1. This is a Letters Patent appeal from a judgment of Wallace, J. in second appeal. At that stage for the first time it was contended that the suit was barred by Section 47, Civil P.C. It was objected that plea ought not to be allowed to be raised at that stage, but Wallace, J., held that it was a matter of law affecting the validity of the suit and that it was a point of jurisdiction that had to be decided and he accordingly allowed that plea to be raised. In the original mortgage suit defendants 2 to 4 were parties and the plaintiff's claim against them was on the footing of their being in possession of the suit property. They raised the defence setting up title in themselves adversely both to the mortgagors and the mortgagee. Thereupon the plaintiff exonerated them and gave up the suit against them and having done this he proceeded to enter into a compromise with the mortgagors. All these facts are set out in para. 10 of the learned District Munsif's judgment. The decree in that suit is Ex. E-3 and it states:
This case coming on for hearing this day in the presence of the plaintiff and of defendant 1 and guardian of defendant 2 in person, defendants 3 and 6, being ex parte, have agreed to compromise the matter of the suit and that they have put into Court a deed of compromise, M.P. No. 984 of 1917, praying that this Court will pass a decree in accordance with the terms thereof, this Court in pursuance of the said deed of compromise defendants 4, 5, and 7 having been dismissed from the suit doth order, etc.
2. The decree clearly shows that before the compromise was agreed upon, these defendants had been dismissed from the suit. They were dismissed from the suit because the suit could not possibly succeed against them: and in view of the defence raised by them, they were not proper parties to the suit. That being so, the position is exactly the position dealt with by a Pull Bench of this Court of which I was a member in Abdul Sac v.
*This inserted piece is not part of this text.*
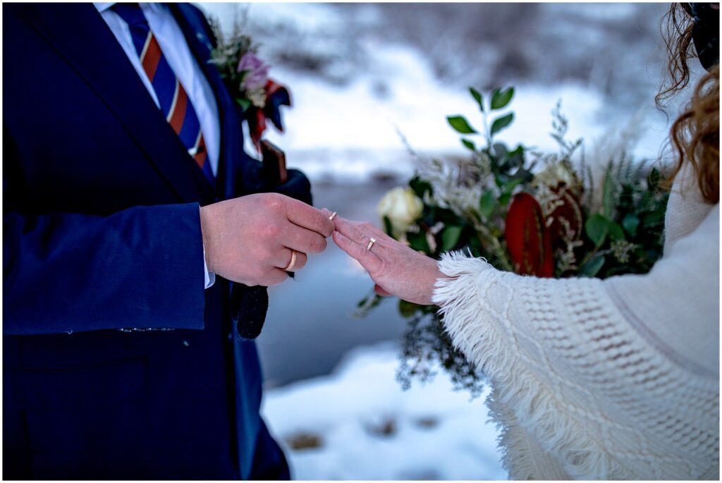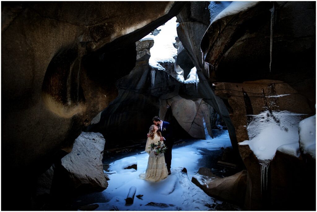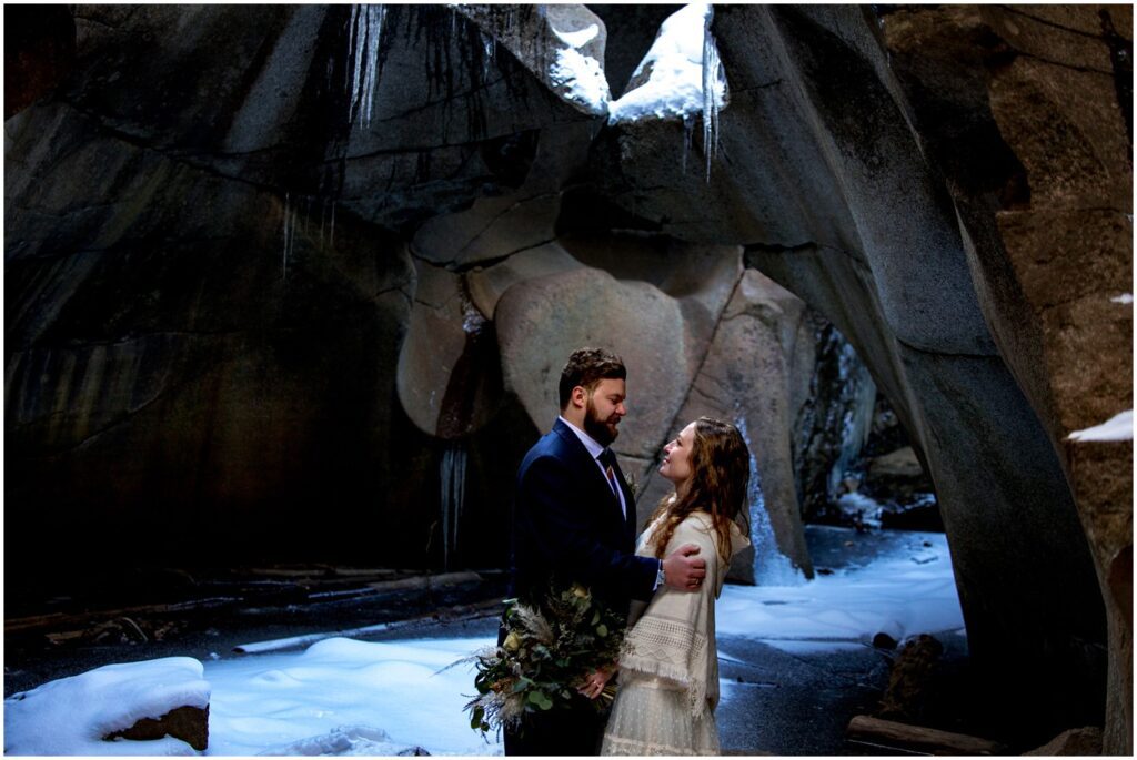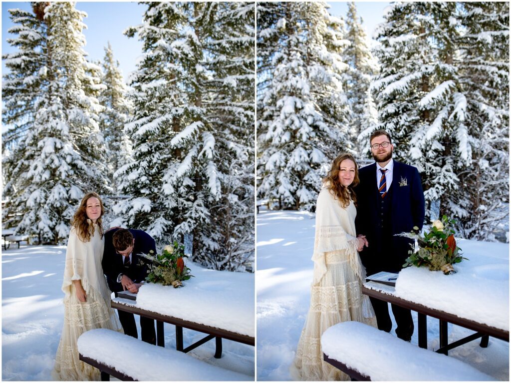 Back at the trailhead, Rachel and Charles cut into their delicious cake at one of the picnic tables nearby. Having an elopement doesn’t mean that you have to give up (or partake in) any traditional wedding events! A cake may even taste better slightly cold and eaten in a magical snow filled forest with just your significant other.

Sundara Mudaliar AIR 1930 Mad 817. It is to be observed that this decision was subsequent to the decision in second appeal by Wallace, J., and had this case been then decided, there is no doubt that his decision would have been the other way. It is quite clear that, where parties have been wrongly joined and the suit against them is given up by the plaintiff or upon that ground he exonerates them, or there is a finding come to that they have been wrongly joined, then the correct procedure is to strike out their names as having been improperly impleaded. On the exoneration or the striking out of the names of persons on the ground of misjoinder, they cease to be parties to the suit. That is quite clear from the judgment of the Pull Bench. In this case the learned District Munsif has adopted the correct procedure. He clearly by the decree is shown to have treated these defendants as persons who had been dismissed from the suit and not as persons against whom the suit had been dismissed. From the time of their dismissal they ceased to be parties to the suit because they had been wrongly joined. If that is so, Wallace, J., was wrong in following the decision in Sethu Konar v. Ramasami Konar AIR 1926 Mad 484, a case which has been dealt with and explained in the Pull Bench decision. That being so, these defendants were no longer parties to the suit and it follows therefore that this Letters Patent appeal must be allowed with costs throughout and the decree of the District Munsif restored with costs.